Quanto às relações entre as formas de agir e atividades, no ISD, o agir de linguagem, numa perspetiva coletiva, enquadra-se nas atividades de linguagem, que, por sua vez, regulam e comentam as atividades gerais. Por outro lado, o agir de linguagem depende do agir geral, tendo em conta que as propriedades das atividades de linguagem

dependem das atividades gerais a que estão associadas. Além disso, o agir geral, numa

perspetiva individual, corresponde a uma ação. Porém, como esclarece a citação seguinte,

a ação de linguagem constitui parte da atividade de linguagem assumida por um indíviduo.
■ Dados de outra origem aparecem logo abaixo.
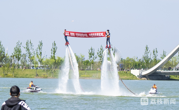 和风日暖,水天一色。在海棠园的湖面上,摩托艇、动力冲浪、水上飞人等表演不断上演。尤其是水上飞人表演,专业技术员时而一飞冲天,如蛟龙出水;进而旋转空翻,如空中飞燕,动作惊险刺激,吸来游客的阵阵惊呼和叫好声。
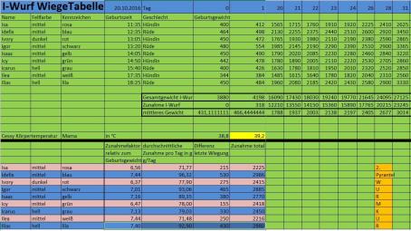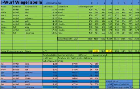 "Ilea" bei den Hündinnen und "Isaac" bei den Rüden führen derzeit die Zunahme Tabelle an. Ilea hat ihren Nachteil den sie mit ihren 344g bei Geburt hatte schon fast weggenuckelt!
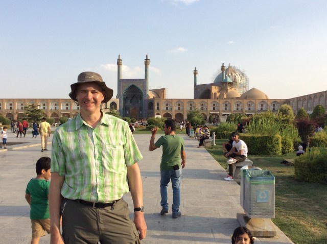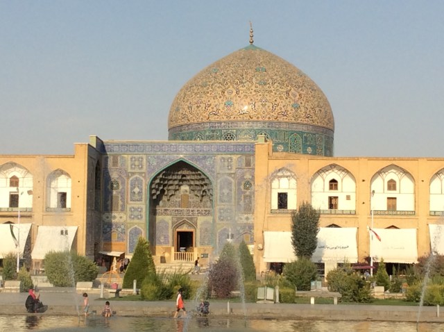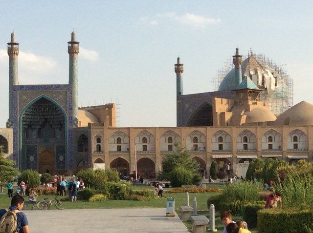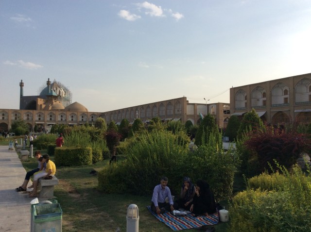 Gestern aus der Wüste gekommen, enthüllt sich heute morgen wahrlich ein Paradies in einem bisher sehr trockenen Land. Aufgrund der Höhe von 1.800 Metern und der Nähe zu den Bergen, verfügt Isfahan auch im Spätsommer noch über genügend Wasserreserven in unterirdischen Kavernen. Zwar sind alle Flüsse ausgetrocknet, aber die Parks und Gärten sind satt grün. Das Paradies hat sich an dieser Stelle, aber auch in Form von monumentalen Bauten, manifestiert.
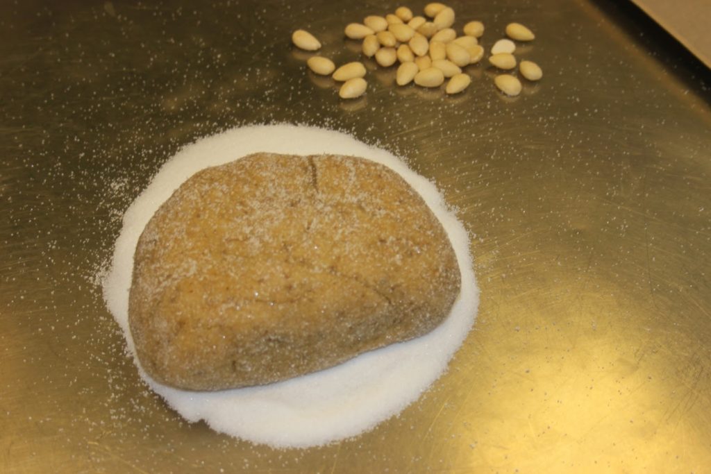 Rouler la pâte dans le sucre et la travailler un peu pour incorporer du sucre.
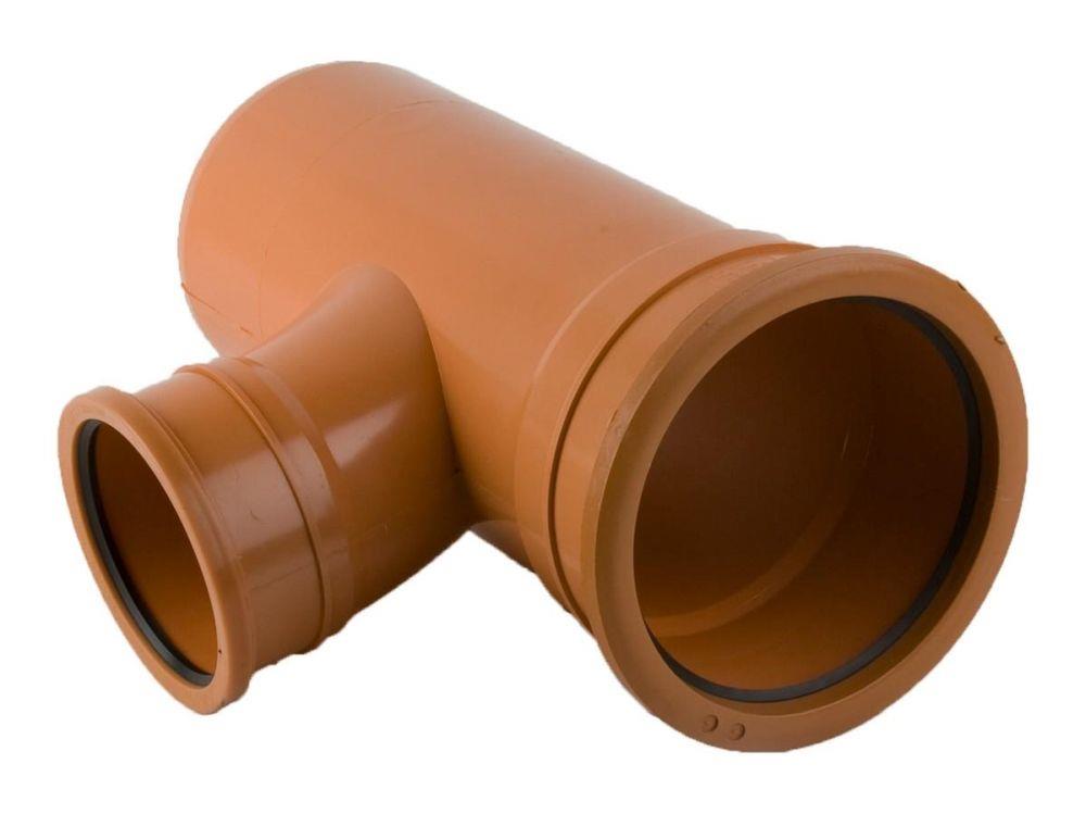 Designed for larger capacity drainage systems, this 160mm to 110mm 87.5° double socket branch allows a 110mm line to connect into a 160mm underground drain. The 87.5° branch angle creates a near-vertical connection point—useful for tying in vertical stacks or additional inlets into a main run.

Pour l’interactionnisme socio-discursif, une des propriétés majeures de l’espèce humaine est de mettre en œuvre un agir langagier dont la fonction première est de produire des significations et de permettre ce faisant que s’établisse, au sein d’un groupe, une entente relative aux propriétés de l’agir non verbal (ou agir général) et aux propriétés du monde dans lequel ce dernier se déploie. Lorsque l’agir langagier est saisi au plan collectif des productions de groupe, nous le qualifions d’activité langagière ; lorsqu’il est saisi au plan des productions d’un individu, nous le qualifions d’action langagière. L’action

langagière constitue dans cette perspective la part de l’activité langagière assumée par un individu déterminé ou actant.
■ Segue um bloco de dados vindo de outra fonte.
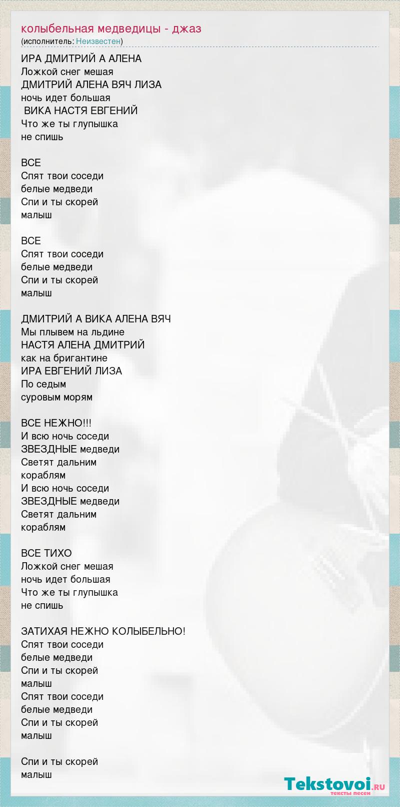 ИРА ДМИТРИЙ А АЛЕНА Ложкой снег мешая ДМИТРИЙ АЛЕНА ВЯЧ ЛИЗА ночь идет большая ВИКА НАСТЯ ЕВГЕНИЙ Что же ты глупышка не спишь ВСЕ Спят твои соседи белые медведи Спи и ты скорей малыш ВСЕ Спят твои соседи белые медведи Спи и ты скорей малыш ДМИТРИЙ А ВИКА АЛЕНА ВЯЧ Мы плывем на льдине НАСТЯ АЛЕНА ДМИТРИЙ как на бригантине ИРА ЕВГЕНИЙ ЛИЗА По седым суровым морям ВСЕ НЕЖНО!!! И всю ночь соседи ЗВЕЗДНЫЕ медведи Светят дальним кораблям И всю ночь соседи ЗВЕЗДНЫЕ медведи Светят дальним кораблям ВСЕ ТИХО Ложкой снег мешая ночь идет большая Что же ты глупышка не спишь ЗАТИХАЯ НЕЖНО КОЛЫБЕЛЬНО! Спят твои соседи белые медведи Спи и ты скорей малыш Спят твои соседи белые медведи Спи и ты скорей малыш Спи и ты скорей малыш
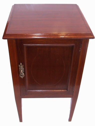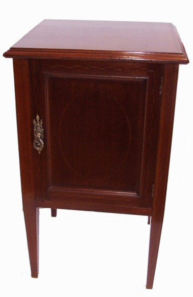 Attractive Edwardian inlaid mahogany bedside cabinet A pretty Edwardian Inlaid mahogany bedside cabinet with oval satinwood decoration to the front door and boxwood inlay to the door surround. The whole standing on elegant inlaid tapering legs. The door opening to reveal a shelved interior. A lovely conker colour and in beautiful condition. Height 27.5" Width 17" Depth 15.5" £250 (Ref : BED35) Email Us for a delivery quote : Click Here
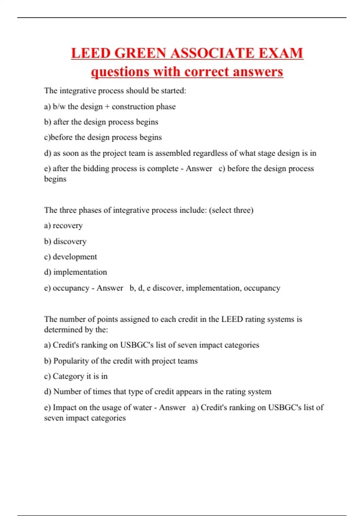 The integrative process should be started: a) b/w the design + construction phase b) after the design process begins c)before the design process begins d) as soon as the project team is assembled regardless of what stage design is in e) after the bidding process is complete - Answer c) before the design process begins The three phases of integrative process include: (select three) a) recovery b) discovery c) development d) implementation e) occupancy - Answer b, d, e discover, implementation, occupancy The number of points assigned to each credit in the LEED rating systems is determined by the: a) Credit's ranking on USBGC's list of seven impact categories b) Popularity of the credit with project teams c) Category it is in d) Number of times that type of credit appears in the rating system e) Impact on the usage of water - Answer a) Credit's ranking on USBGC's list of seven impact categories

26 De acordo com esta perspetiva, a linguagem é uma forma de atividade nas diferentes esferas da interação humana. Assim, através da exploração dos recursos de uma língua natural, as atividades de linguagem, que comentam as atividades gerais, materializam-se em diferentes espécies de textos, cujas propriedades dependem, desta

forma, das propriedades das atividades gerais e de linguagem. Considerando estas relações de dependência, o ISD defende que as produções de linguagem devem ser relacionadas, primeiramente, com a atividade humana em geral (Bronckart, [1997]1999: 107).

Para a compreensão do estatuto da linguagem no quadro do ISD e do seu papel no desenvolvimento humano, questão central no seu campo de trabalhos, são especialmente relevantes os contributos de Voloshinov ([1929]1977), Vygotsky ([1934]1997) e Saus- sure ([1916]1978; 2002).